__What to produce__:
The listing below should be printed in full and exactly, apart from its images.

__Collected material__:
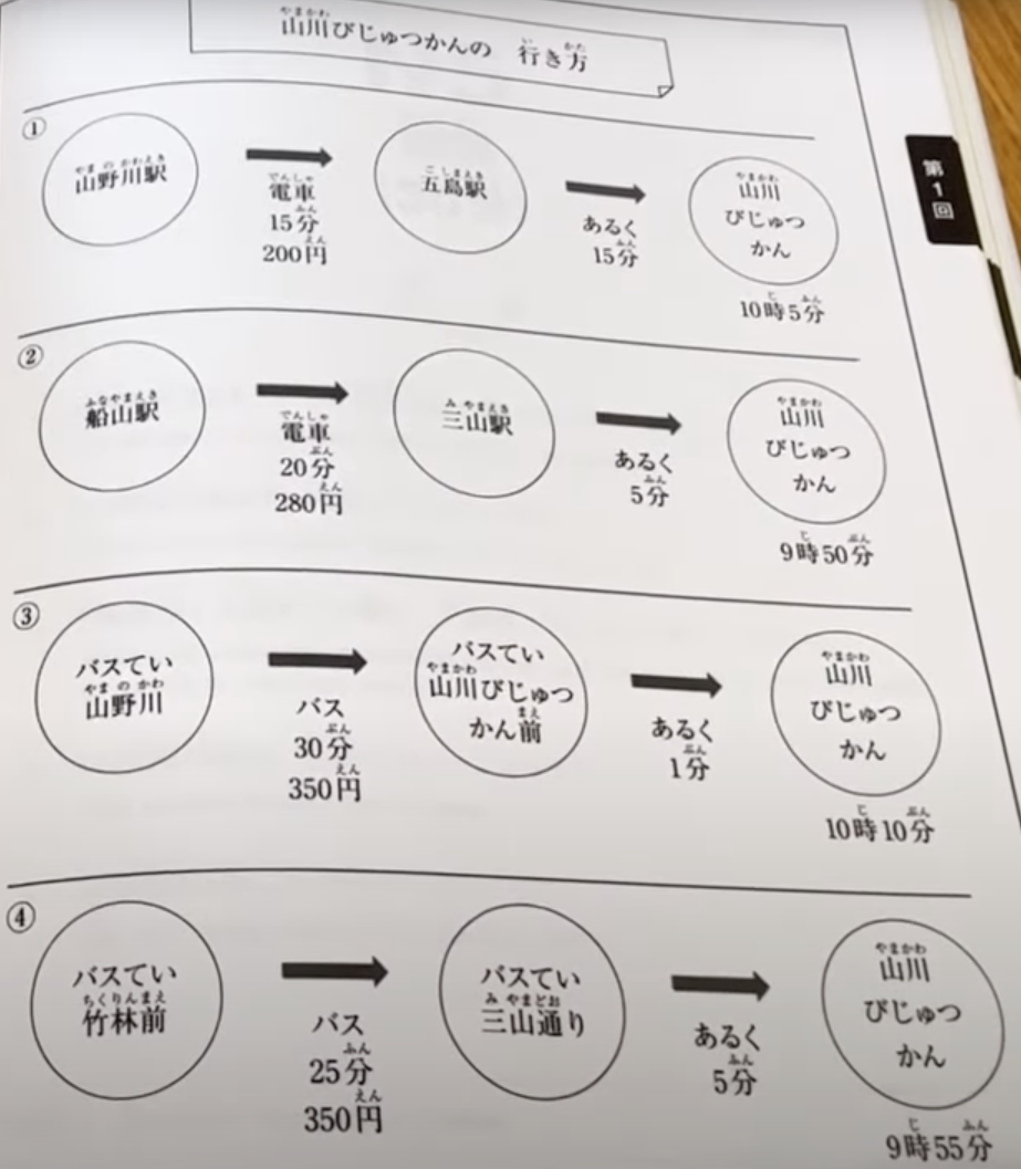 アンさんは 山川びじゅつかんへ 行きたいです。 電車か バスに のって、 10時までに 行きたいです。 電車や バスは 安い ほうが いです。アンさんは どの 行き方で 行きますか。
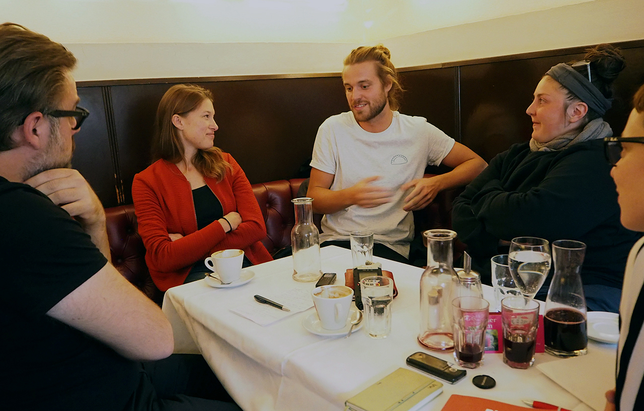 Anfang Oktober in Wien: Albert Meisl, Nora Czamler, Ken Rischard, Theda Schifferdecker und Michelle Koch treffen sich zum Gespräch. (Foto
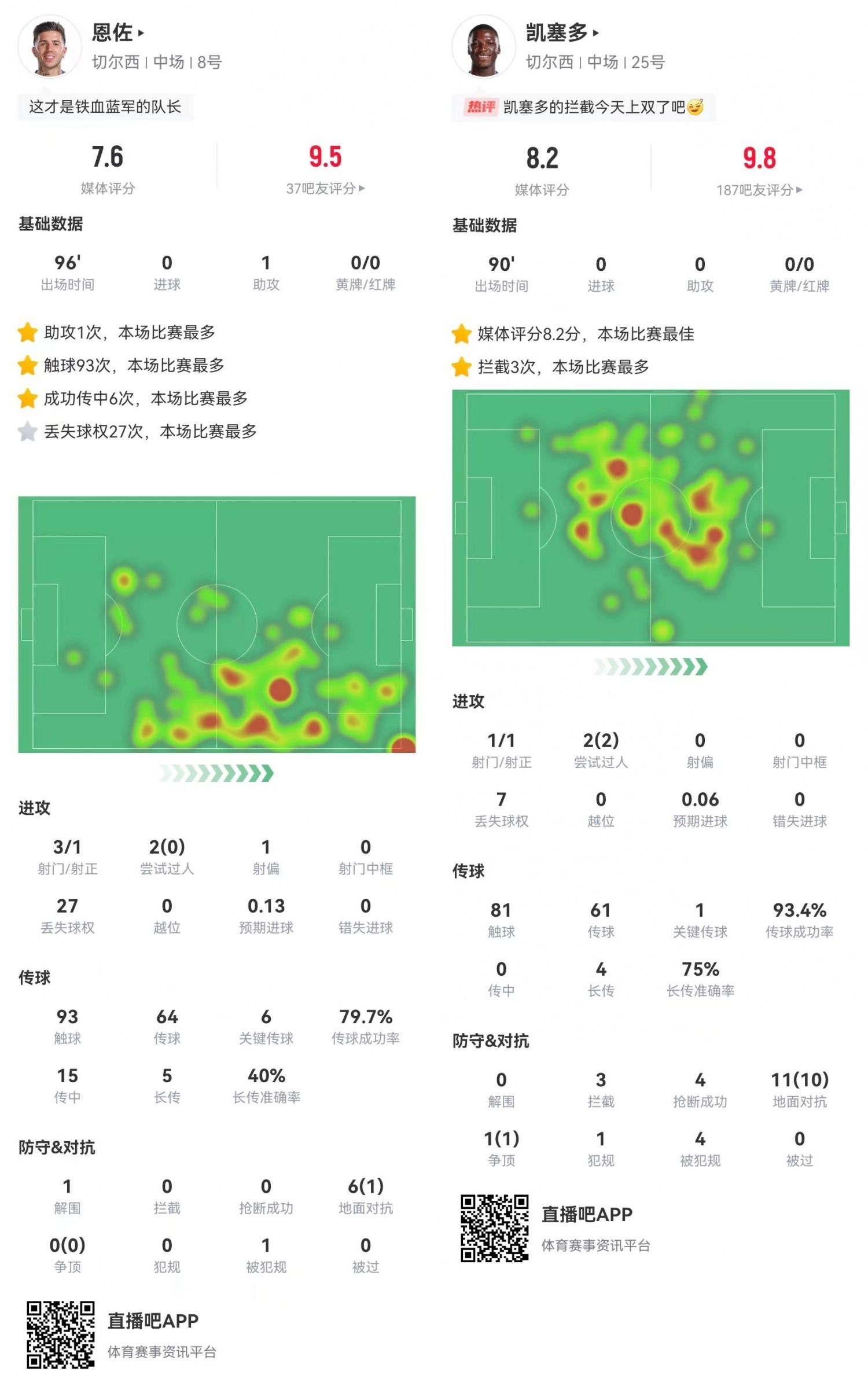 本場(chǎng)比賽恩佐與凱塞多的發(fā)揮可圈可點(diǎn)?!皣L試助攻王”恩佐總算“撿”到一個(gè)助攻,庫庫雷利亞的制勝球便是由恩佐傳導。凱塞多則繼續自己的戰神級發(fā)揮,本場(chǎng)比賽貢獻12次對抗11次成功,還有3攔截4搶斷0被過(guò)的鐵閘表現。切爾西的雙腰進(jìn)可攻退可守,正是藍軍本賽季戰績(jì)不錯的原因之一。

__Solution below__:
 アンさんは 山川びじゅつかんへ 行きたいです。 電車か バスに のって、 10時までに 行きたいです。 電車や バスは 安い ほうが いです。アンさんは どの 行き方で 行きますか。
 Anfang Oktober in Wien: Albert Meisl, Nora Czamler, Ken Rischard, Theda Schifferdecker und Michelle Koch treffen sich zum Gespräch. (Foto
 本場(chǎng)比賽恩佐與凱塞多的發(fā)揮可圈可點(diǎn)?!皣L試助攻王”恩佐總算“撿”到一個(gè)助攻,庫庫雷利亞的制勝球便是由恩佐傳導。凱塞多則繼續自己的戰神級發(fā)揮,本場(chǎng)比賽貢獻12次對抗11次成功,還有3攔截4搶斷0被過(guò)的鐵閘表現。切爾西的雙腰進(jìn)可攻退可守,正是藍軍本賽季戰績(jì)不錯的原因之一。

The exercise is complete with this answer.